In granting summary judgment for the insurance agent, the trial court concluded that Plaintiffs had failed to rebut the statutory presumption that they had accepted the provided coverage, which did not include excess uninsured motorist coverage. The court of appeals reversed, determining that the rebuttable presumption in section 56-7-135(b) does not apply to actions against an insurance agent. The Supreme Court reversed, holding (1) the rebuttable presumption articulated in section 56-7-135(b) applies to actions against an insurance agent by insureds under the insurance policy for negligent failure to procure an insurance policy as directed; and (2) Plaintiffs failed to rebut the statutory presumption in this case.
Court Description:
Authoring Judge: Justice Roger A. Page
Trial Court Judge: Judge J. Eddie Lauderback
The present appeal concerns an insurance agent’s alleged negligent failure to procure excess uninsured motorist coverage in accordance with a prospective insured’s instructions.
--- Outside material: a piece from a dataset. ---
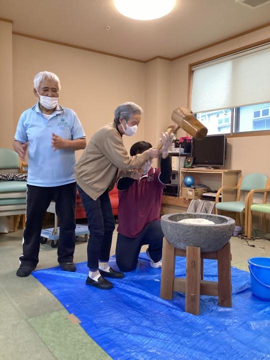 毎年恒例、お餅つきを行いました! 職員が手伝い利用者様と一緒に行いました。

The two insured parties, a married couple, filed suit against their insurance agent and agency after they were denied coverage by the insurance carrier. The trial court found that it was undisputed that the insureds had paid the premium for the policy in effect and applied Tennessee Code Annotated section 56-7-135(b), which provides: The payment of premium for an insurance contract, or amendment thereto, by an insured shall create a rebuttable presumption that the coverage provided has been accepted by all insureds under the contract. The trial court determined that the insureds had failed to rebut the statutory presumption that they had accepted the provided coverage, which did not include excess uninsured motorist coverage. Therefore, the trial court granted the insurance agent’s motion for summary judgment. The Court of Appeals, however, reversed, concluding that the rebuttable presumption does not apply to actions against an insurance agent. We granted the ensuing application for permission to appeal to address whether section 56-7-135(b) applies to create a rebuttable presumption in actions against an insurance agent for negligent failure to procure an insurance policy as directed. Considering the plain language of the statute, we conclude that it does create such a presumption. Accordingly, we reverse the judgment of the Court of Appeals and reinstate the judgment of the trial court granting summary judgment.